ABOUT THIS EXERCISE:
In the listing that follows, print every line exactly and leave the images out.

====== RECORDED DATA ======

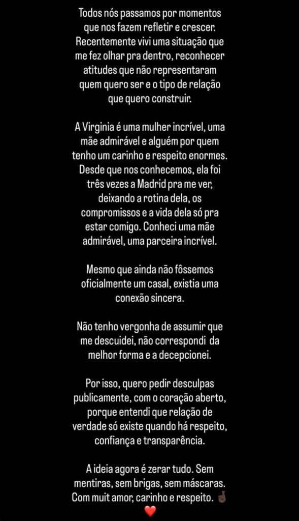No desfecho da nota, ele pediu perdão de forma direta e defendeu que só existe relacionamento verdadeiro quando há respeito, confiança e transparência. “Quero pedir desculpas publicamente, com o coração aberto. A ideia agora é zerar tudo. Sem mentiras, sem brigas, sem máscaras. Com muito amor, carinho e respeito”, concluiu.
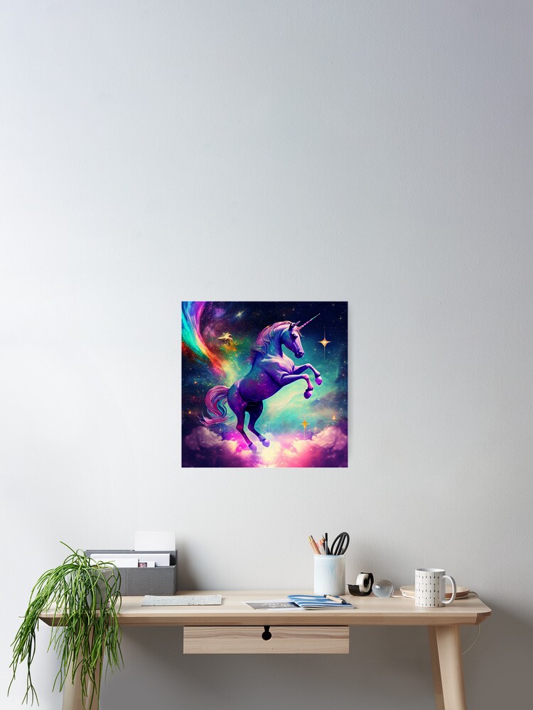 Poster for Sale avec l'œuvre « Licorne arc-en-ciel de l'espace lumineux » de l'artiste MythicPrompts | Redbubble
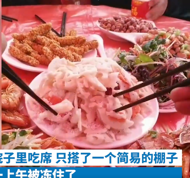 从视频中能看到,一盘凉拌的莲藕已被冻成了“冰雕”,莲藕上面还有一层冰霜,众人用筷子夹不动、扒拉几下也没弄开。其它几个菜也是如此,都冻得硬梆梆的。无从下嘴,大家都在那里笑,后来菜都被大家打包带走了。

======

ANSWER TO THIS EXERCISE:
No desfecho da nota, ele pediu perdão de forma direta e defendeu que só existe relacionamento verdadeiro quando há respeito, confiança e transparência. “Quero pedir desculpas publicamente, com o coração aberto. A ideia agora é zerar tudo. Sem mentiras, sem brigas, sem máscaras. Com muito amor, carinho e respeito”, concluiu.
 Poster for Sale avec l'œuvre « Licorne arc-en-ciel de l'espace lumineux » de l'artiste MythicPrompts | Redbubble
 从视频中能看到,一盘凉拌的莲藕已被冻成了“冰雕”,莲藕上面还有一层冰霜,众人用筷子夹不动、扒拉几下也没弄开。其它几个菜也是如此,都冻得硬梆梆的。无从下嘴,大家都在那里笑,后来菜都被大家打包带走了。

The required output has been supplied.